November 1, 2011
Although we don't believe in timing the market or panicking over market movements, we do like to keep an eye on big changes -- just in case they're material to our investing thesis.
What: Shares of independent energy company Venoco (NYSE: VQ ) were off as much as 10% in intraday after the company reported third-quarter earnings.
So what: Were third-quarter results really as bad as the stock performance suggests? Yup, pretty much. Production was down from a year ago, and without much seen changing that in the fourth quarter, management decided to ratchet down its 2011 production guidance. The lower production held back total revenue, which, at $78.9 million, was well short of analysts' estimates of $90.6 million. Adjusted profit, meanwhile -- which excludes unrealized commodity gains and losses -- fell below even to a slight loss. Wall Street was looking for a $0.21-per-share profit.
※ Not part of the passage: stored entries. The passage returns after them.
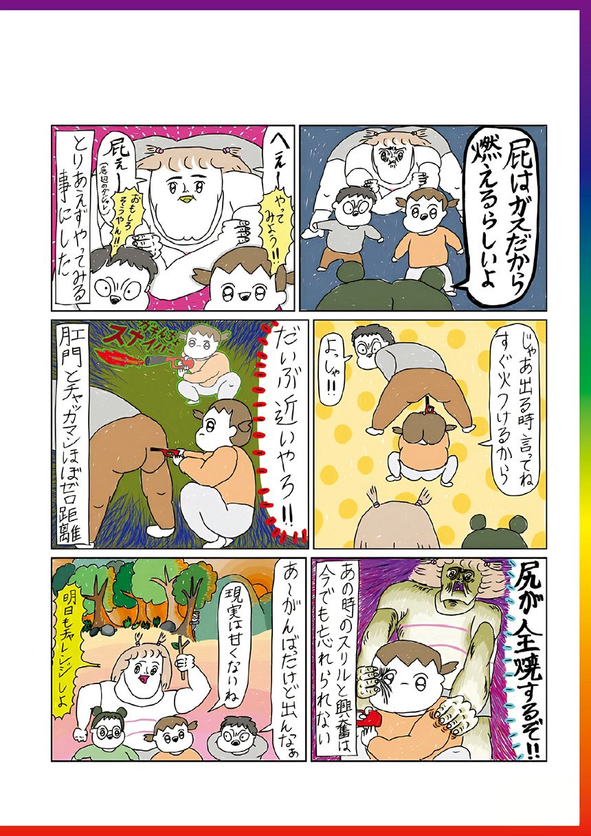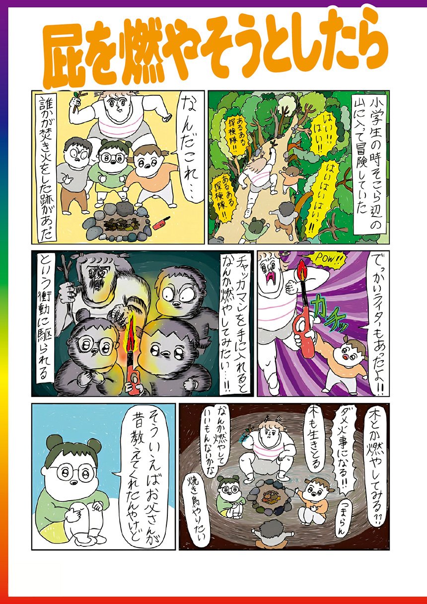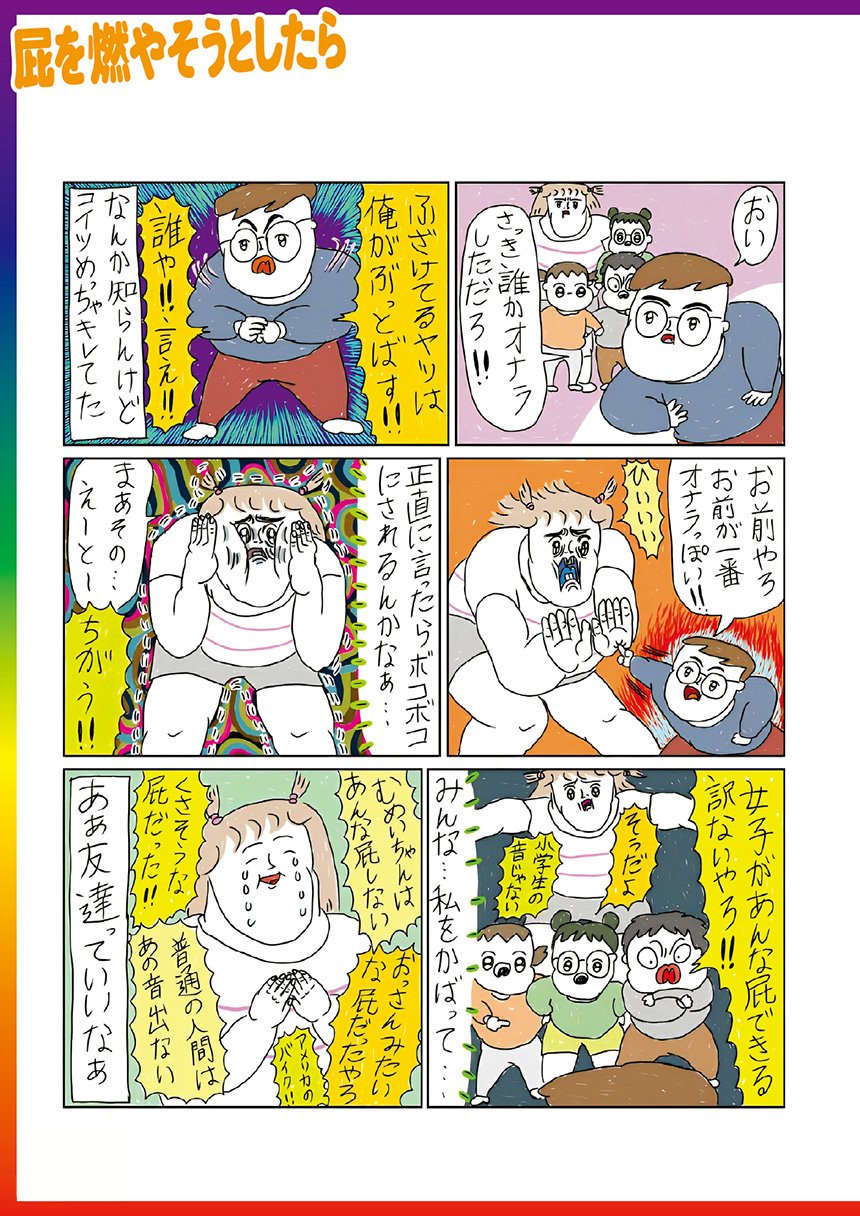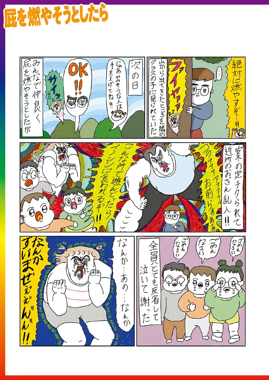 貧乏すぎてコップがすべてワンカップの空き瓶だった幼少時代、抜いても抜いても生えてくる福毛の話、ギガサイズ化した友達の金魚の話など、すべてどうでもいいのに泣くほど笑えて元気が出るエピソード満載。著者のつたない記憶とオリジナリティあふれる解釈で描いた「おむすびころりん」「ジャックと豆の木」など、「テキトーだけど泣くほど笑える! カッラフルなむっっかし話」も特別収録。疲れた心にぶっっ刺さる! いろんなことがどうでもよくなる全部実話のコミックエッセイ!!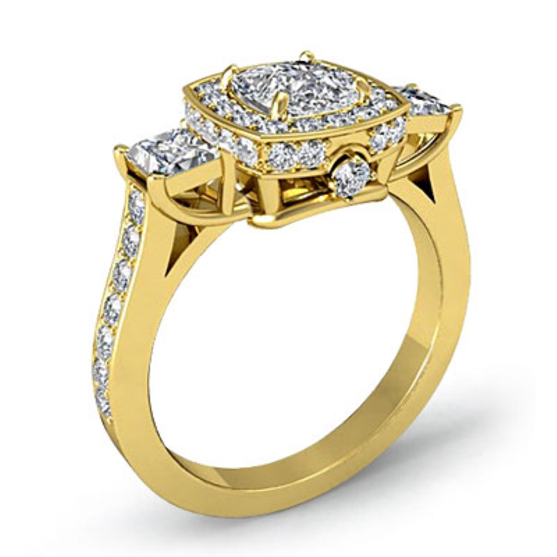 Diamond 3 Stone Engagement Princess Cushion Ring 14k Yellow Gold Halo Setting 1.1Ct.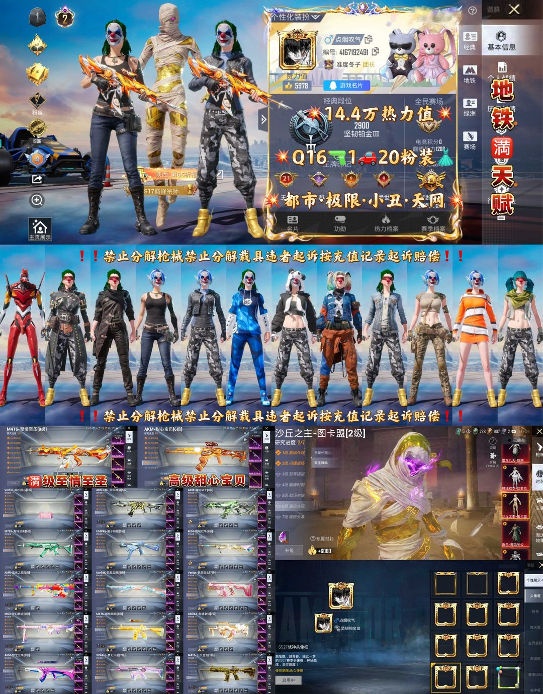 限制: 租号25次及以上 | 撤单率<60%才可租用此帐号装备描述:直接上号 租客须知◆ 本账号已在公安局备案,请勿对账号做出非法操作 如:开挂,坐挂车,使用第三方工具等,请您和谐游戏,如有损害财务的情形必追究到底 登录游戏:登录请打开和平精英并勾选上同意协议,再点击开始登录即可,如跳转停留主页面无反应,!!!重新打开和平精英!!!!即可正常进入游戏 **:如账号触发账号系统,会为您补上时间,到时不会下线,直到下一位租客租赁账号为止 请尽量不要以**进行 恶意,恶意者进行拉黑处理,永不放出 关于登号器,登录请打开和平经营并勾选上同意协议,再点击开始登录即可,如跳转停留主页面无反应,重新打开和平精英即可正常进入游戏 如果您喜欢本账号,可以点个收藏

Now what: As an investor, I have a preference toward companies that have a proven track record of consistently producing profits and positive free cash flow while maintaining strong balance sheets. For that reason, Venoco isn't exactly in my investing wheelhouse. For those who have seen some promise in Venoco shares, though, there's good reason to be a bit concerned about the results the company turned out this quarter. However, Foolish investors keep the focus on the big picture, so it's important to consider whether this quarter is a blip for an otherwise sound company or a trend that could continue on into the future.